--- What the task asks ---
Please, without any pictures, set down exactly the part of the listing below that opens with the line containing "Still, the danger" and closes with the line containing "精英中考网www.52zho".

--- Input ---

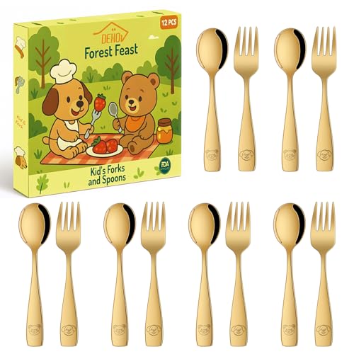 DEHOV Gold Toddler Eating Utensils Set,Set Of 12 Food Grade Stainless Steel Silverware Sets For Kids,Dishwasher Safe Children Small Metal Spoons And Forks Flatware Sets
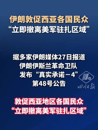 伊朗敦促西亚各国民众“立即撤离美军驻扎区域”【详细】
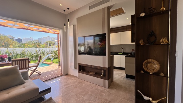 Entièrement climatisé, ce duplex offre tout le confort nécessaire pour un séjour premium. Il est idéalement situé à seulement 300 m de la plus belle plage d’El Mansourah à Kélibia, à proximité de l’hôtel Kélibia Beach.
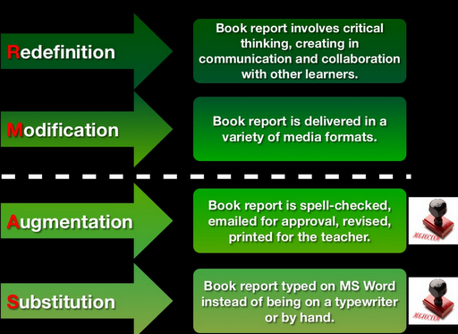 Still, the danger is continuing to use the iPad in the same old way…if we use the SAMR Model, many teachers will start at the substitution level…here’s my remix on that:
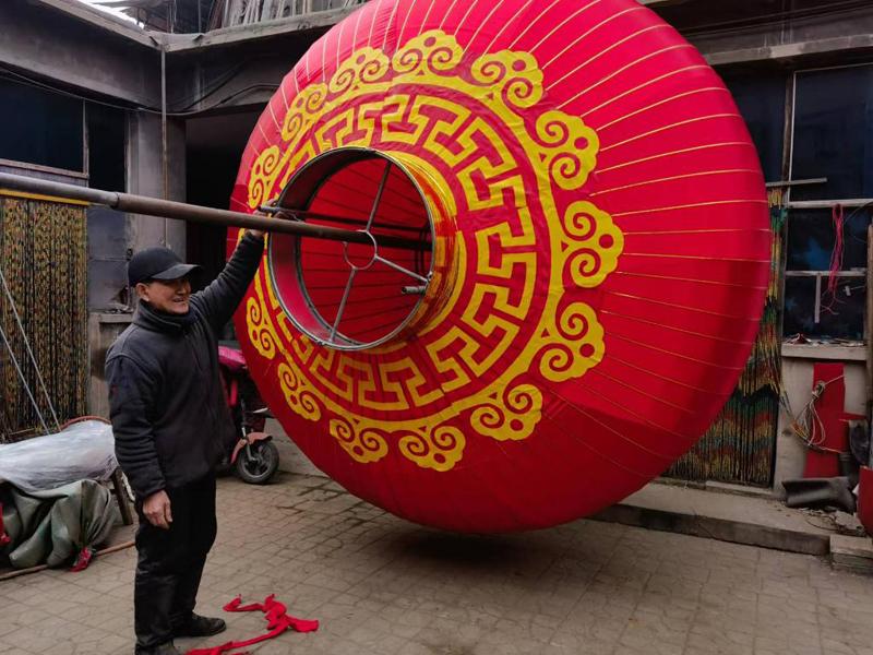 “這個(gè)規(guī)格是3米的,算是中等大小?!卑总娖绞炀毜?fù)伍_了一個(gè)大紅燈籠。打小跟老人學(xué)燈籠技藝,白軍平最擅長(zhǎng)制作各種規(guī)格的大燈籠。
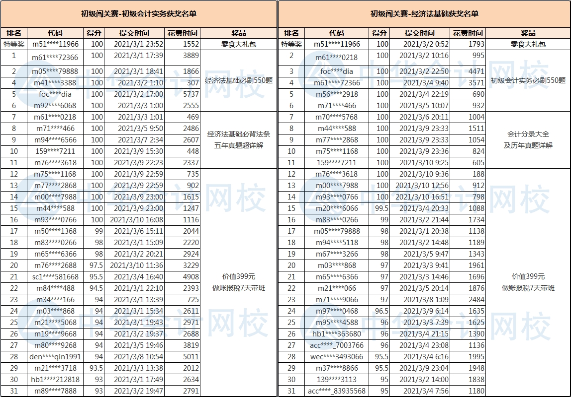 初级会计答题闯关赛活动目前已经结束啦,从3月1日活动开始起有超过三万人参加了我们的活动,收到了大家热烈的回响!虽然目前初级会计答题闯关赛活动已经结束了,但是!打败第十关大boss的高手们还能获得各种备考好礼哦!获奖名单如下:
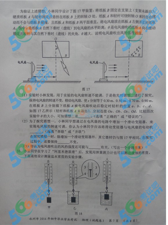 精英中考网www.52zhongkaow.com消息:2017年永州市中考已经结束,又有一批新的初三考生即将参加2018中考,为了帮助广大师生更好的备考,小编收集整理了历年永州中考试题及参考答案,供广大考生参考,下面是2016永州中考物理试题及参考答案
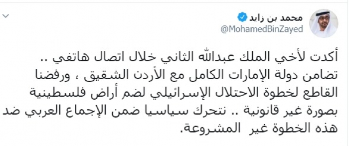 وكتب عبر تغريدة له على "تويتر" رصدها " المشهد العربي": "أكدت لأخي الملك عبدالله الثاني خلال اتصال هاتفي تضامن دولة الإمارات الكامل مع الأردن الشقيق، ورفضنا القاطع لخطوة الاحتلال الإسرائيلي لضم أراض فلسطينية بصورة غير قانونية".
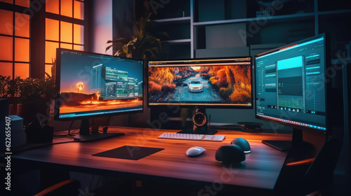 Fototapeta premium Interior of High-Tech Computer and Gaming room setup
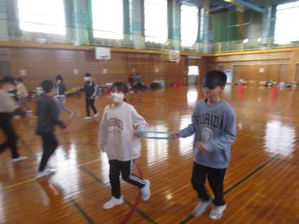 総合的な学習の時間の「アイムポッシブル」の学習で、伴走者(ガイドランナー)に挑戦しました。
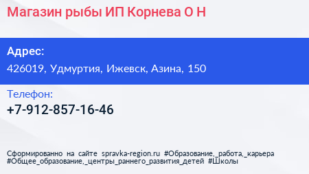Магазин рыбы, ИП Корнева О.Н. по адресу 426019, Удмуртия, Ижевск, Азина, 150 в дальнейшем Организация, размещена в следующих категориях:
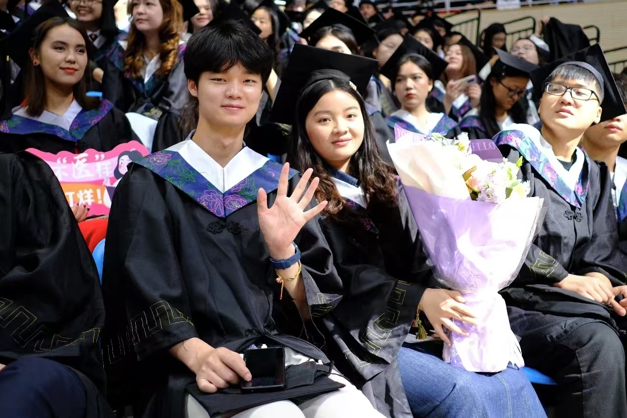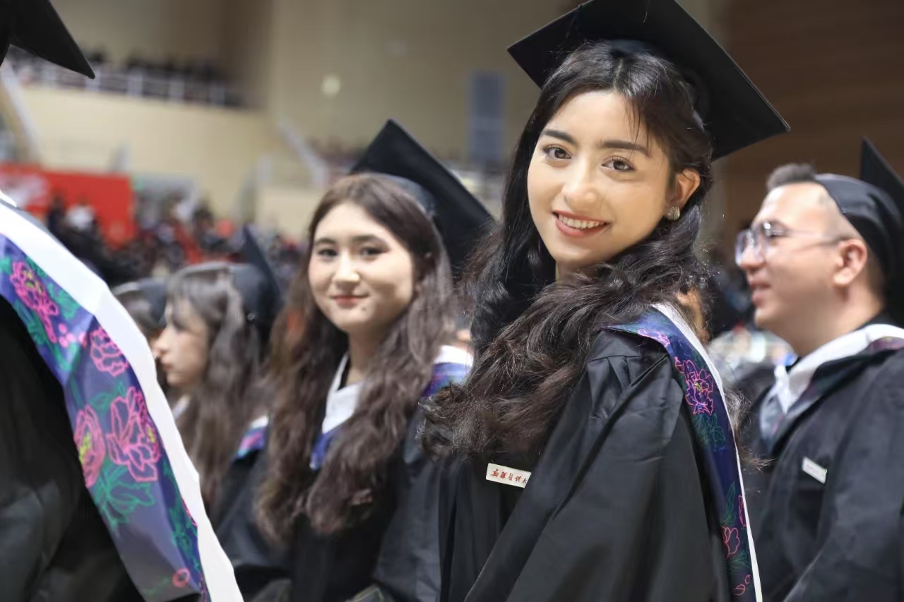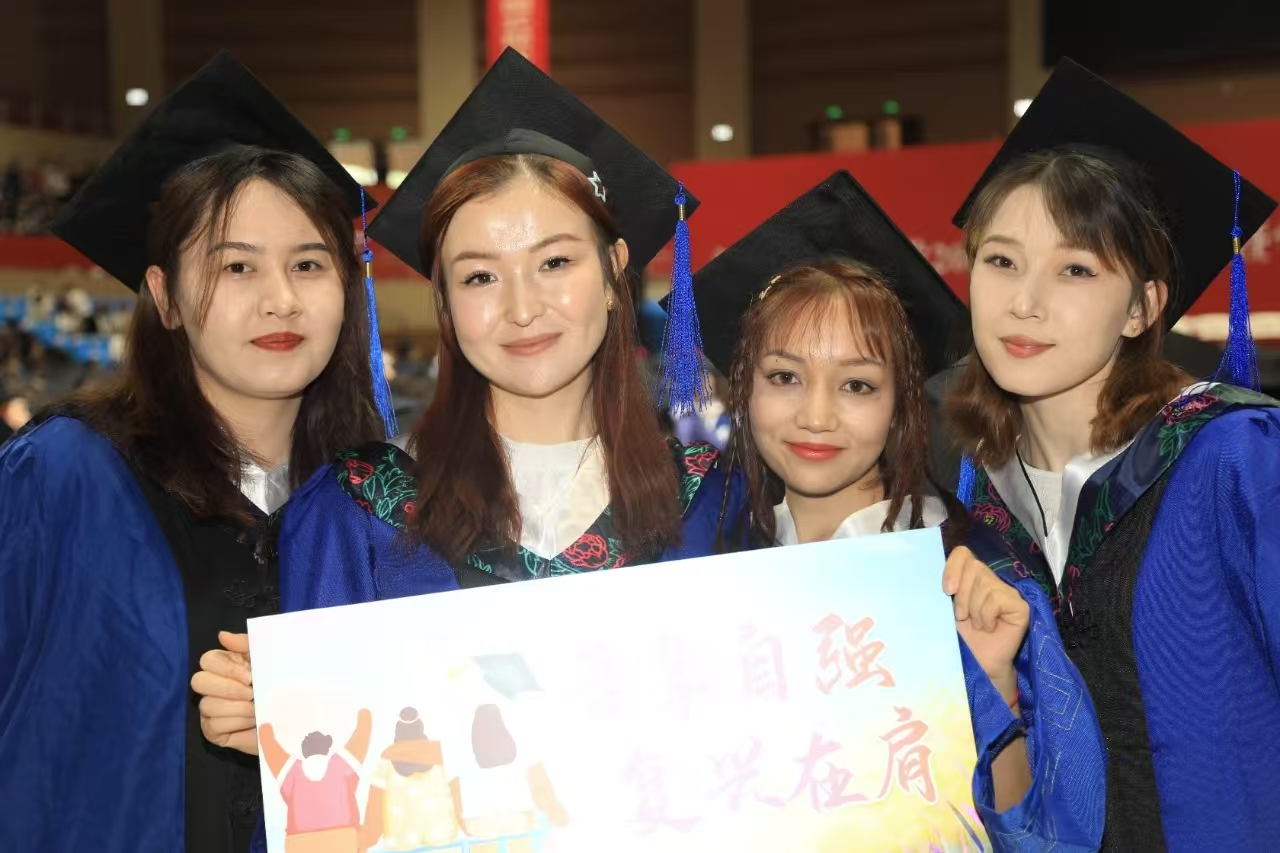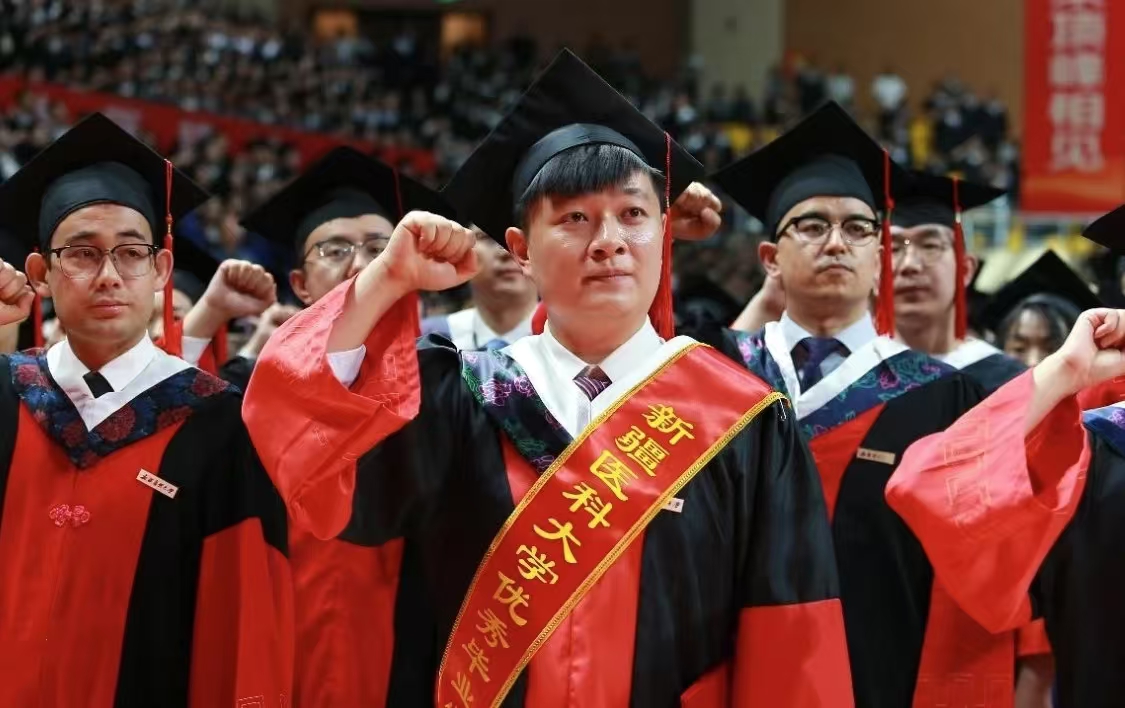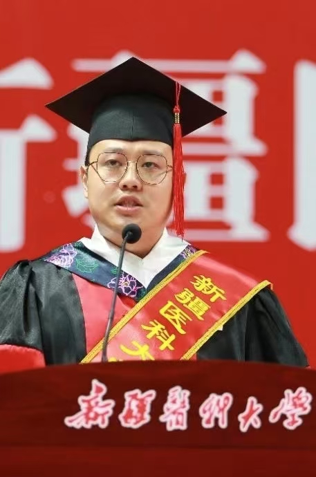 新医教学名师,中医学院教师、博士生导师徐海燕向毕业生们殷切寄语,希望新医学子以新医人扎根边疆的赤子情怀,将医者仁心熔铸于“服务人民、奉献社会”的初心使命,凭精湛医术回应人民期盼,在辽阔疆域筑起生命健康的牢固防线。本科生代表、公共卫生学院预防医学专业2020-2班学生哈丽米然·吐尔逊买买提,研究生代表、第一临床医学院骨科学专业2022级博士班学生贾麒钰和留学生代表、国际教育学院学生瓦吉德·乌拉在发言中,深情回忆了在新医难忘的求学时光,回顾了在青春赛道上奋力奔跑,担当责任和光荣使命的成长历程,表达了对倾注心血、培育学子成长的母校和老师的敬意与感谢。毕业生们表示,要永远铭记医学生誓言,用所学知识守护人民健康,以专业技能助力“健康中国”蓬勃发展,到祖国和人民最需要的地方发光发热,为中国式现代化建设贡献青春力量。

--- Exercise result ---
 Still, the danger is continuing to use the iPad in the same old way…if we use the SAMR Model, many teachers will start at the substitution level…here’s my remix on that:
 “這個(gè)規(guī)格是3米的,算是中等大小?!卑总娖绞炀毜?fù)伍_了一個(gè)大紅燈籠。打小跟老人學(xué)燈籠技藝,白軍平最擅長(zhǎng)制作各種規(guī)格的大燈籠。
 初级会计答题闯关赛活动目前已经结束啦,从3月1日活动开始起有超过三万人参加了我们的活动,收到了大家热烈的回响!虽然目前初级会计答题闯关赛活动已经结束了,但是!打败第十关大boss的高手们还能获得各种备考好礼哦!获奖名单如下:
 精英中考网www.52zhongkaow.com消息:2017年永州市中考已经结束,又有一批新的初三考生即将参加2018中考,为了帮助广大师生更好的备考,小编收集整理了历年永州中考试题及参考答案,供广大考生参考,下面是2016永州中考物理试题及参考答案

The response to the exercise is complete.